Visual Layer provides better visual data infrastructure to help gain insights, store, maintain and curate large image repositories and their metadata.
Visual data (images, videos, and other sensor data) has grown tremendously in recent years, with impactful applications in areas like social media, self-driving vehicles and manufacturing. Although much investment has been made in labeling platforms, the management, curation and validation of visual data is usually done with home-built tools that lack robustness and the ability to scale. This lack of tools leads to low data quality and wasteful data handling practices, hindering AI model quality and development agility.
At Visual Layer, our hypothesis is that there is strong demand for management tools for visual data. To validate this hypothesis, we created our free tool fastdup, a popular free tool providing basic, but highly scalable, building blocks for visual data. e.g., finding duplicates, identifying outliers, clustering, search, image statistics and detection of bad labels. In 6 months, fastdup was installed more than 145,000 times and gained significant community traction. fastdup has been already deployed in production by multiple Fortune 500 customers.

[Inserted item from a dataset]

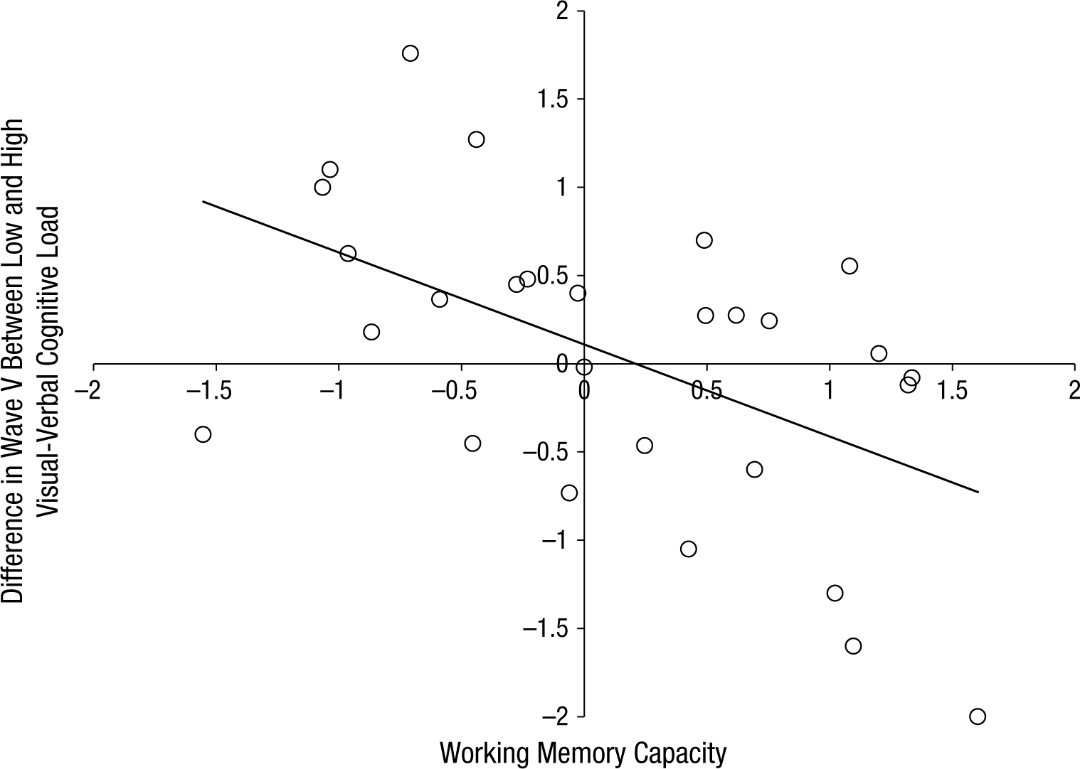 Individual differences in working memory capacity (WMC) are typically measured with complex span tasks (combining recall of word lists with simultaneous distractor activities) and are assumed to reflect differences in people’s ability to stay focused on what is relevant and resist distraction (Engle, 2002). The WMC concept is embedded in our view of concentration as an endogenous factor determining an individual’s capacity for attentional engagement. In support of this view, high-WMC individuals are typically less distracted by unwanted sound (Sörqvist & Rönnberg, 2014), and WMC is related to both shield mechanisms: High-WMC individuals show a more substantial attenuation of background-environment processing when task difficulty is high (Fig. 3; Sörqvist, Stenfelt, & Rönnberg, 2012), and they show a greater resistance to attention capture (Fig. 4; Sörqvist, 2010), possibly by means of active inhibition of task-irrelevant processing (Conway, Cowan, & Bunting, 2001; Marsh, Beaman, Hughes, & Jones, 2012; Marsh, Sörqvist, Hodgetts, Beaman, & Jones, 2015).

While fastdup is a free profiler that points issues in user's visual data, Visual Layer is building an enterprise cloud version which can automatically curate and fix error in the visual data. Our enterprise platform connects to cloud-based raw data storage services on one end, and AI/computer vision development tools on the other. Visual Layer includes three components: visual data management tools, deep learning-based data understanding, and automated data visualizations. With Visual Layer, computer vision engineers/ researchers can focus on building high-quality models and gaining data insights, while our platform manages, stores, maintains, cleans and curates their large image repositories.
There are multiple benefits for using visual layer. It frees computer vision team to deal with algorithms and not with data cleaning (a gory task no one likes to do), speeds significantly the model building cycle, significant savings on annotation costs, reduced storage, compute and network costs and improves the resulting models.